Un rato antes, cuando todavía me encontraba adormilada en sus brazos, cayó una lágrima por su mejilla que me encharcó el alma. Lloraba sin gemido, de forma muda. Pero todo el quebranto que le crujía su ser, lo notaba en su pecho. Saltando como un torbellino, capaz de arrasar cuanto se pusiera por delante.Desde el primer momento que nos conocimos, sabíamos que nuestra historia tenía la fecha de cumplimiento escrita, como una letra de cambio. Sin un día de prolongue. Los intereses ya los habíamos pagado cuando decidimos, aquella tarde de Junio dorado, vivirla hasta apurar su copa. La dulzura se los primeros tragos se habían ido transformando en ácido que horadaba a mordiscos secos nuestras vidas. No era libre. Estaba encadenado a otra mujer. Había jurado cuidarla hasta su muerte. Y ese juramento, barrotes de la jaula, que no conseguimos limar a fuerza de besos.

CELOS.
Me doy cuenta de que ya echo de menos a mi ex mujer y a mis hijas.

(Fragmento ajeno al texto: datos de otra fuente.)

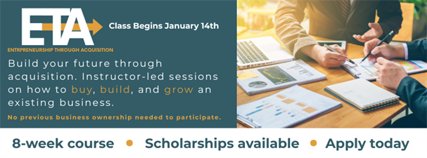 Applications are now open for Entrepreneurship Through Acquisition cohort 4! Ready to own a business without starting from scratch? Join ETA’s 8-week, instructor-led program and learn how to find, evaluate, and acquire an existing business. No business ownership experience is needed to participate.
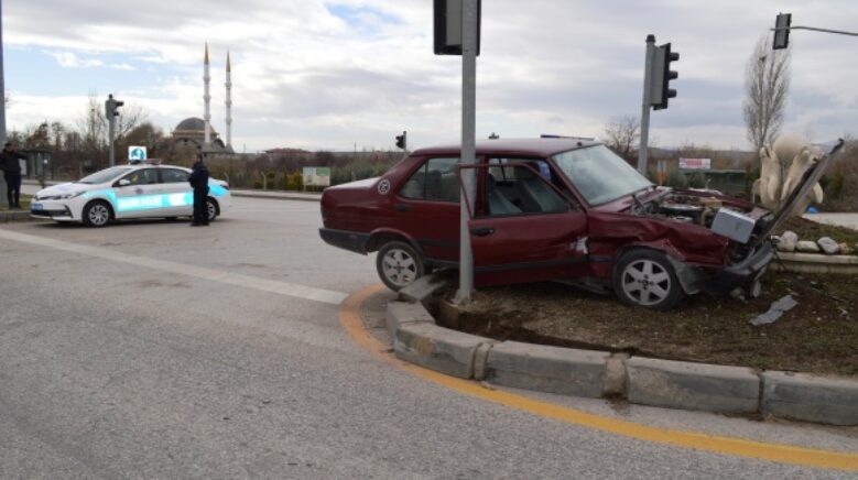 Çarpışmanın etkisiyle, Çimgar’ın kullandığı otomobil kavşakta orta refüjün üzerine çıktı.
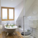 BATHROOM Stand alone cast iron bath. Wash hand basin with pedestal and separate taps. Shower cubicle with mixer shower. Tiled wall. Irish obscure oak window to rear elevation.
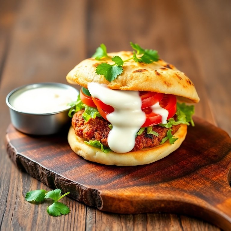 A fusion delight featuring a juicy spiced patty nestled between warm naan bread, topped with cool yogurt sauce and fresh veggies. Perfect for grilling enthusiasts seeking something new!
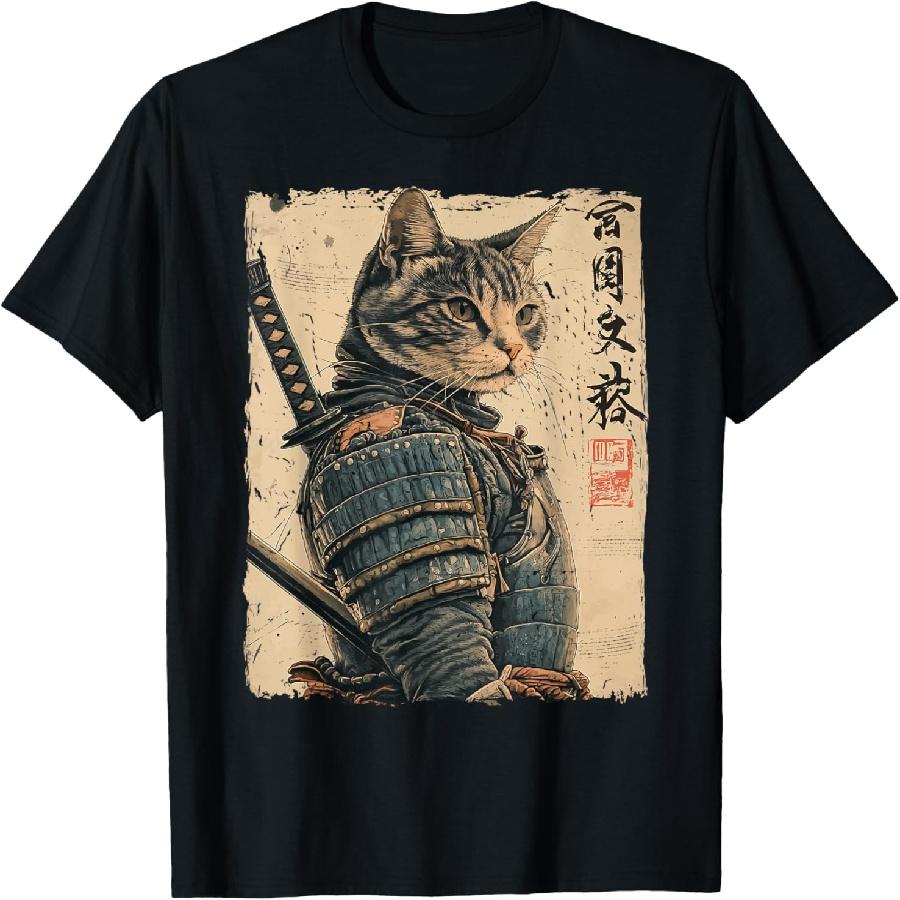 Samurai Cat Warrior Japanese Ukiyo-e Artwork Cat Samurai T-Shirt(1)

Será la costumbre. Sobre todo a las niñas. No me hago a la idea de volver a casa y encontrarla envuelta en silencios y sombras. Aunque la mayor de las veces cuando regresaba, ya estaban dormidas y sólo me asomaba al cuarto para verlas.
A Mercedes, la añoro, pero a ratos. Al final, sus celos enfermizos terminaron por agobiarme, por desear no verla. La relación claustrofóbica, de acoso y derribo de los últimos meses, acabó por que sintiera sólo odio por ella. La gota que apuró mi paciencia, fue descubrir un detective pagado por ella, buscando pruebas de infidelidades imaginarias.


SORTILEGIO.
No funcionó. Estuve frotando por un buen rato esa antigua lámpara que encontré en el bazar de Alí, el anticuario. Pero no ocurrió nada extraordinario.
Me había dicho que tenía más de mil años y que perteneció a un Califa, famoso en su época por conseguir todo lo que se proponía sin esfuerzo.
Había seguido las instrucciones del viejo al pie de la letra, pero ahí estaba el candil, más bruñido y brillante pero inanimado. Cansado de hacer el canelo, lo dejé a disgusto sobre la mesa. No habría encantamiento. Volví a mirarla y pude leer en un lateral, MADE IN TAIWAN.